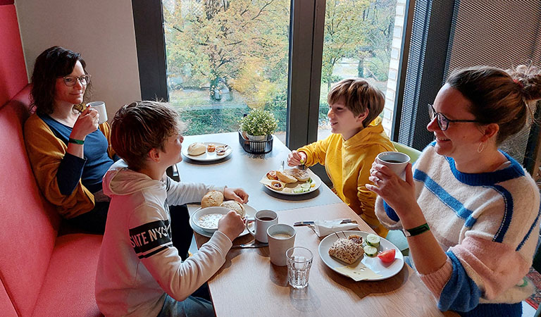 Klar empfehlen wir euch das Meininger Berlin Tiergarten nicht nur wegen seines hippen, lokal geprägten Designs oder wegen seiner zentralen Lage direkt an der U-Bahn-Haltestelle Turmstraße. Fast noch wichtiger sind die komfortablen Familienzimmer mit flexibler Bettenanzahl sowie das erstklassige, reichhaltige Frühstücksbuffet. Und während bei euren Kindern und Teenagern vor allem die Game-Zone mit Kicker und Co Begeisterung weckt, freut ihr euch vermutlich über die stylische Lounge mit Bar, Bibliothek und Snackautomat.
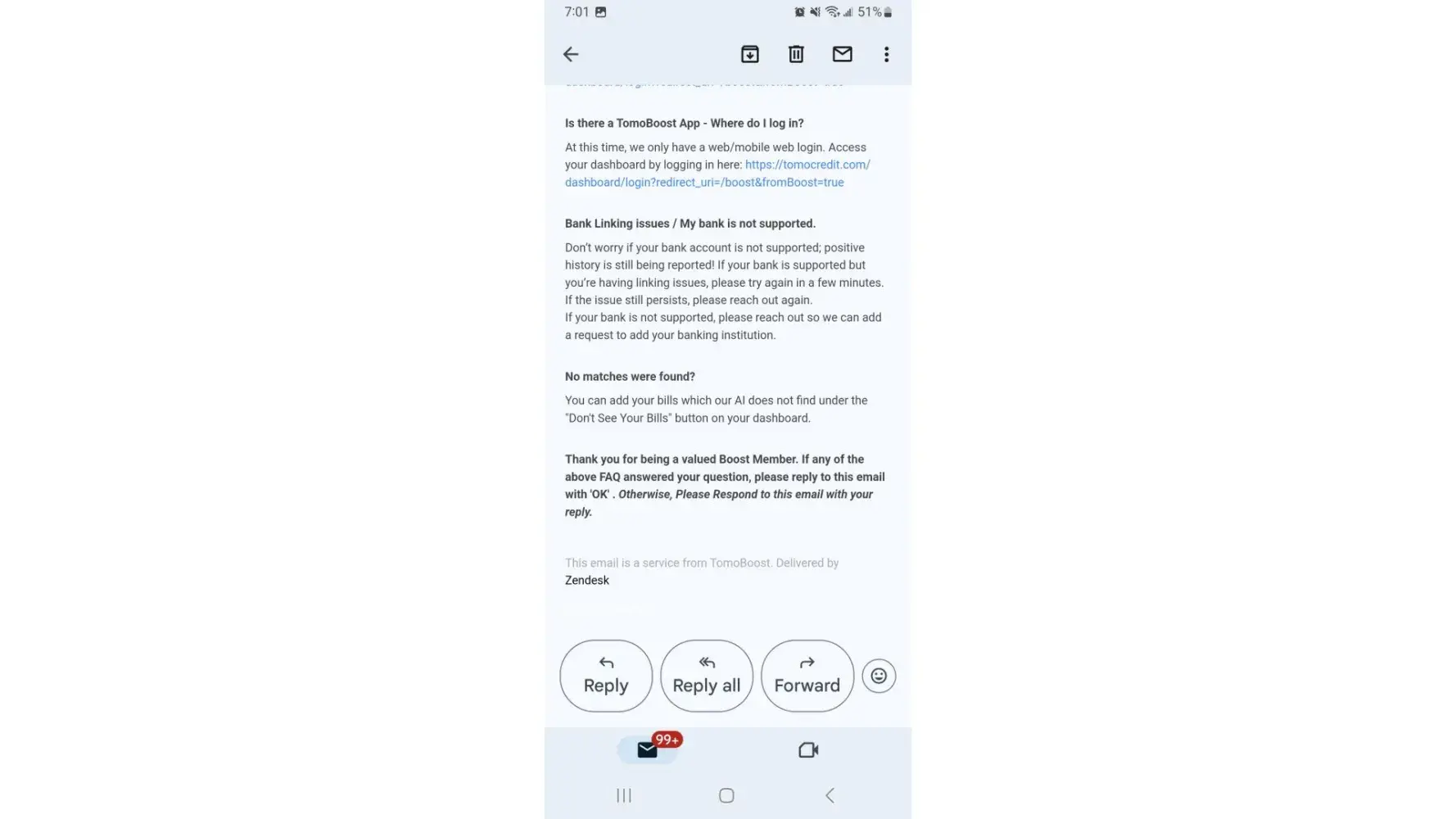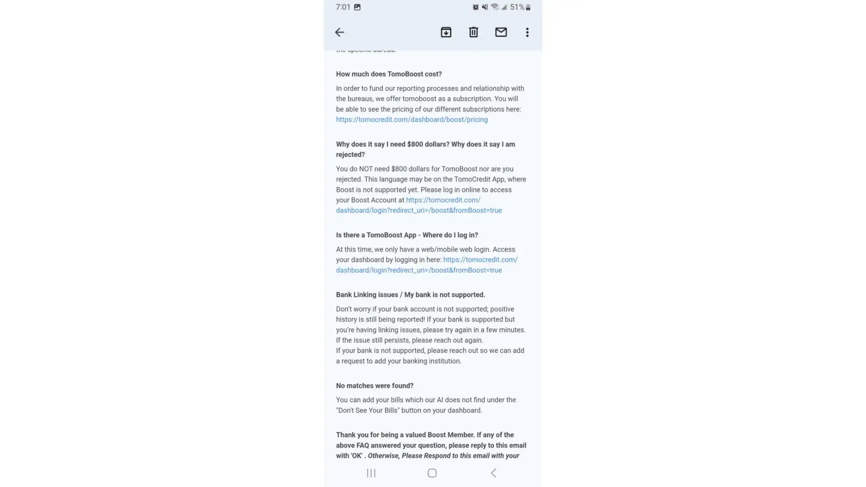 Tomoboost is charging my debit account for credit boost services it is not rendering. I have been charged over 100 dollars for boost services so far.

...

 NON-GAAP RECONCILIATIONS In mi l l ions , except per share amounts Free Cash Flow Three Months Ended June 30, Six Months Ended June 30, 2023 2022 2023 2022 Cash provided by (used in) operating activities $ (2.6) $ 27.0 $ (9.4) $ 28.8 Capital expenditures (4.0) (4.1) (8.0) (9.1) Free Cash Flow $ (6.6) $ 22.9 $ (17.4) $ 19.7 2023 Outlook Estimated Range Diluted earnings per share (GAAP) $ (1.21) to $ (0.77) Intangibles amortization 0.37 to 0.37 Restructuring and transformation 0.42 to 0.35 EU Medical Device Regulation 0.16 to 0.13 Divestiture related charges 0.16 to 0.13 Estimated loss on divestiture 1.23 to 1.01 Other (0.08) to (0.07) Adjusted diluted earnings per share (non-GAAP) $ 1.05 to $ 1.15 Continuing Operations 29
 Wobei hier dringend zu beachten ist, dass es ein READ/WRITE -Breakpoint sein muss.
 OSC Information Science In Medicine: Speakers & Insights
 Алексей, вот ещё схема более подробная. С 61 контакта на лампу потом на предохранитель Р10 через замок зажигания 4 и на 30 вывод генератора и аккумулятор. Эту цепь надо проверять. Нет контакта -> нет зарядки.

---

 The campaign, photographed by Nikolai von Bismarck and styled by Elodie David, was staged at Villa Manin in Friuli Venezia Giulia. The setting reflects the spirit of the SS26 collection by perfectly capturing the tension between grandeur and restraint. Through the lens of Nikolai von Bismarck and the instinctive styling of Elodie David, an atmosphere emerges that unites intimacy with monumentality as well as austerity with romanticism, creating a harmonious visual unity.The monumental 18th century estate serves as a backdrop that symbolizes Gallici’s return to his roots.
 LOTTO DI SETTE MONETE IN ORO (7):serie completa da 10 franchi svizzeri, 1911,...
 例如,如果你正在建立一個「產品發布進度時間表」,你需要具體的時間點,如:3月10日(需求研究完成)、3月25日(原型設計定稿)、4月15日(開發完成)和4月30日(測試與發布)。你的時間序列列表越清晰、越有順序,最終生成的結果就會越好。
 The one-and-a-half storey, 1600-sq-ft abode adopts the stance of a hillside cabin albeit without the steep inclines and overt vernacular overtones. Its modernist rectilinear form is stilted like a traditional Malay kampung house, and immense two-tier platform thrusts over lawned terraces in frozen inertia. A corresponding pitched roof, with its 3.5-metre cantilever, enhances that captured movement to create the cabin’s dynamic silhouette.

▶ DIRECTIONS FOR THIS TASK: Starting at the line that has "LOTTO DI SETTE" in the records above, restate word for word every line until the one that has "例如,如果你正在建立一個「產", and include that one as well.

▶ YOUR SOLUTION:
 LOTTO DI SETTE MONETE IN ORO (7):serie completa da 10 franchi svizzeri, 1911,...
 例如,如果你正在建立一個「產品發布進度時間表」,你需要具體的時間點,如:3月10日(需求研究完成)、3月25日(原型設計定稿)、4月15日(開發完成)和4月30日(測試與發布)。你的時間序列列表越清晰、越有順序,最終生成的結果就會越好。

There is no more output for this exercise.